El grito

A la orilla de abril los grajos abrigan sus cantos con pieles de corderos para que no fenezcan al cruzar el abismo del grito y alcancen permanencia en el sereno mutismo.
En esa imagen se resume nuestra vital necesidad de silencio, de acallarnos y recogernos en una celebración reflexiva capaz de serenar nuestro ánimo y animar nuestra voluntad en pos de tener de verdad conciencia de las cosas, y salvarnos así de ser objeto de sus dudosas conciencias.
También de esas de las que nos servimos y de las que consumimos sumidos en la creencia de que las tomamos y ninguna de ser tomados, de que las degustamos cuando nos saborean.
En este perverso proceso de alienación a que nos somete la desidia de consumir sin pensar, de pensar sin idea de reflexión y sin atender a nuestra indiscutible y sana singularidad, se nos cosifica y diluye en una fantasía, quizá mero espejismo, en el que todo gira en torno a nosotros cuando somos nosotros los que giramos en torno a todo como peonzas sin niño ni inocencia que nos arrope.

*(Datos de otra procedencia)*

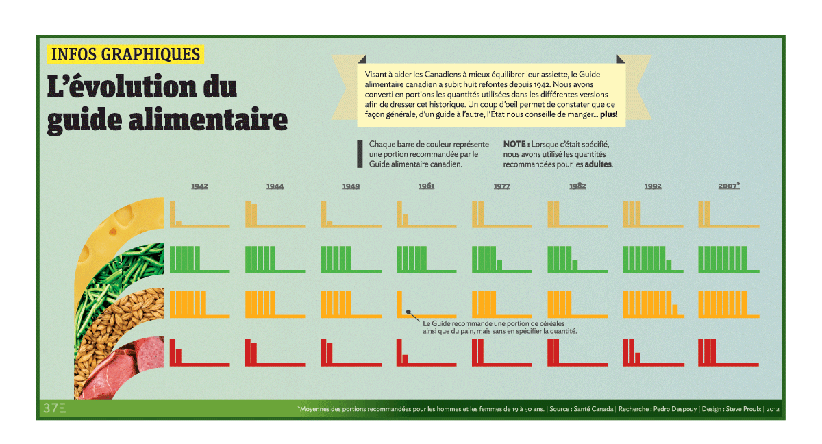 Visant à aider les Canadiens à mieux équilibrer leur assiette, le Guide alimentaire canadien a subi huit refontes depuis 1942. Nous avons converti en portions les quantités utilisées dans les différentes versions afin de dresser cet historique. Un coup d’œil permet de constater que de façon générale, d’un guide à l’autre, l’État nous conseille de manger… plus!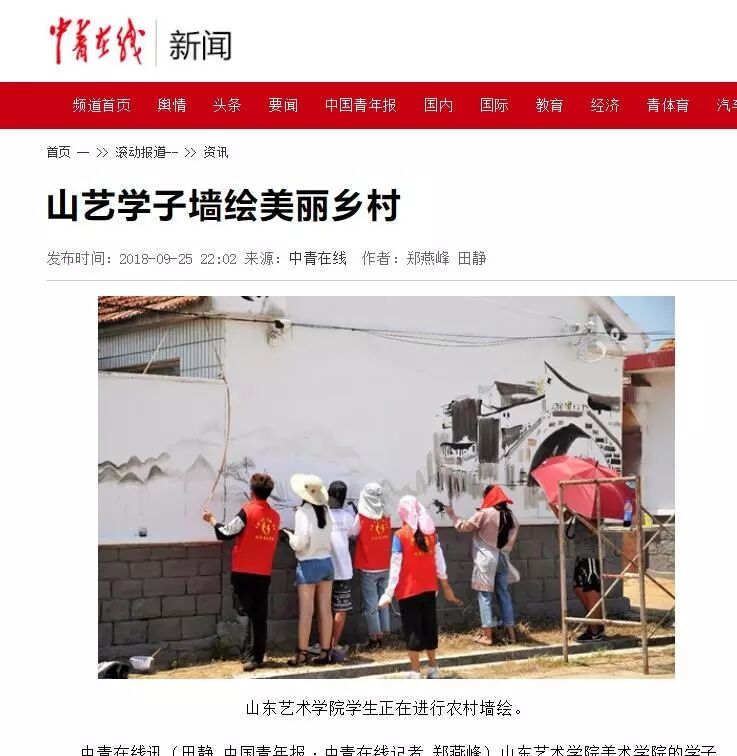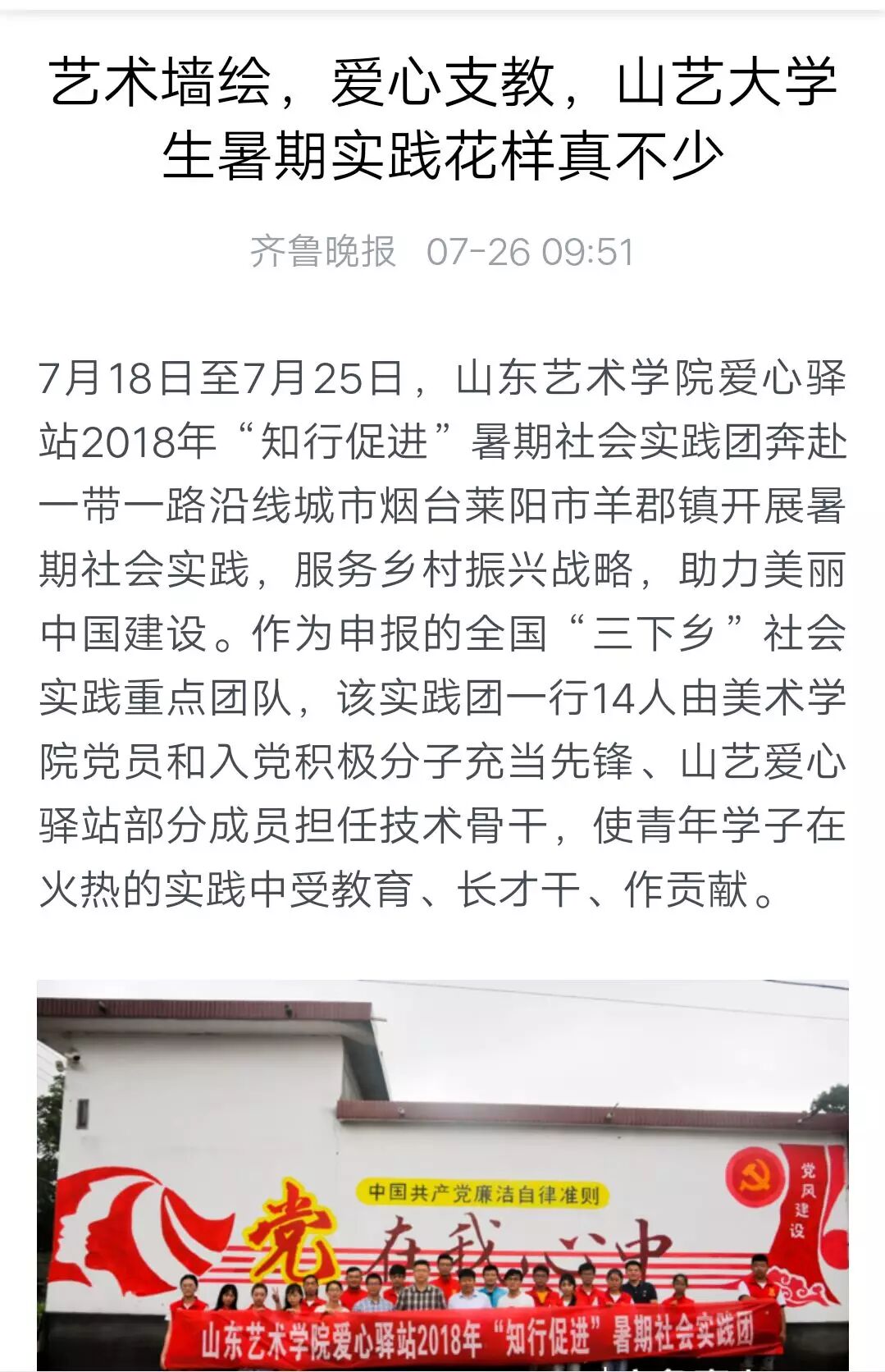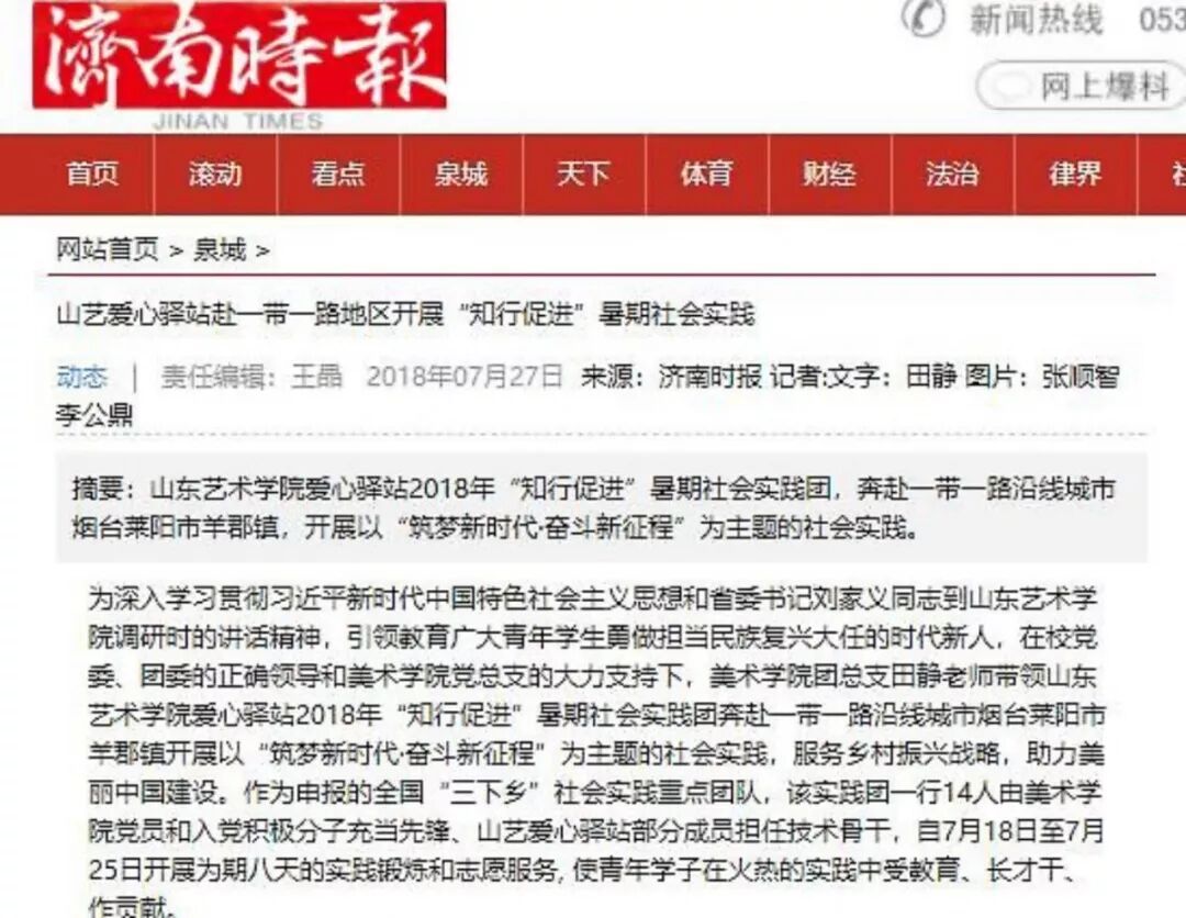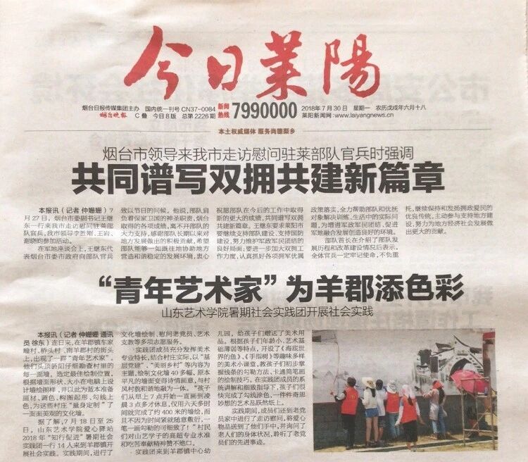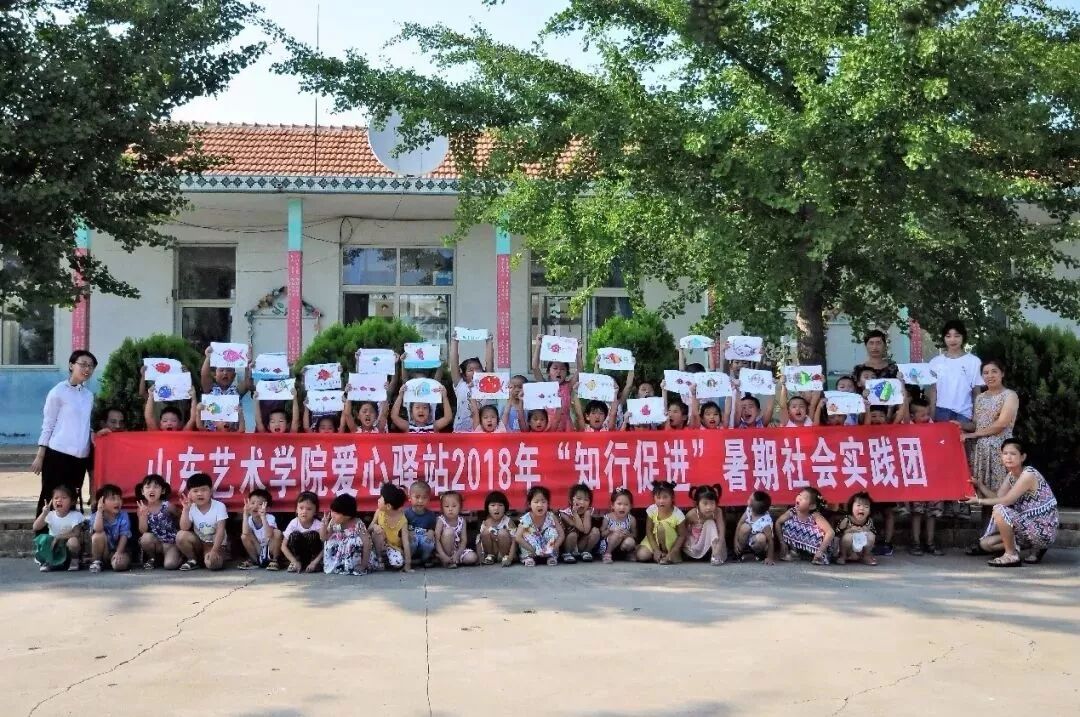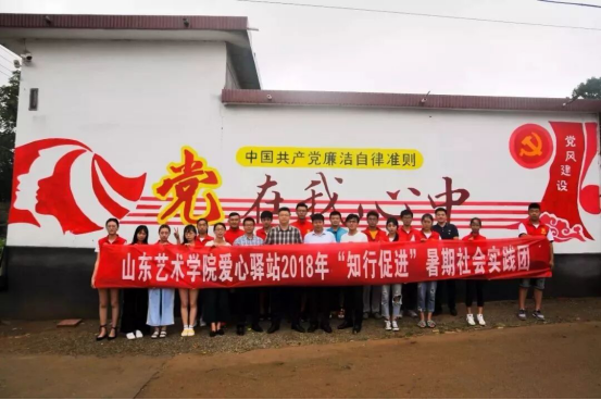 为深入学习贯彻习近平新时代中国特色社会主义思想主题教育,引领教育广大青年学生勇做担当民族复兴大任的时代新人,在校党委、团委的正确领导和美术学院党总支的大力支持下,美术学院团总支田静老师带领山东艺术学院爱心驿站2018年“知行促进”暑期社会实践团奔赴一带一路沿线城市烟台莱阳市羊郡镇开展以“筑梦新时代·奋斗新征程”为主题的社会实践,服务乡村振兴战略,助力美丽中国建设。作为申报的全国“三下乡”社会实践重点团队,该实践团一行14人由美术学院党员和入党积极分子充当先锋、山艺爱心驿站部分成员担任技术骨干,自7月18日至7月25日开展为期八天的实践锻炼和志愿服务, 使青年学子在火热的实践中受教育、长才干、作贡献。

Y cuando tomamos conciencia de ello, deseamos gritar más que hablar, hacerlo tan fuerte que los demás entiendan que hemos tocado fondo en ese mar de atendida indiferencia en que vivimos.
Y gritamos, pero nuestros gritos mueren abrasados por el fuego de ese abismo que es el propio grito, y nuestras pieles de cordero abrigan las mentiras de los que han hecho que el ruido sea nuestra única esperanza de silencio.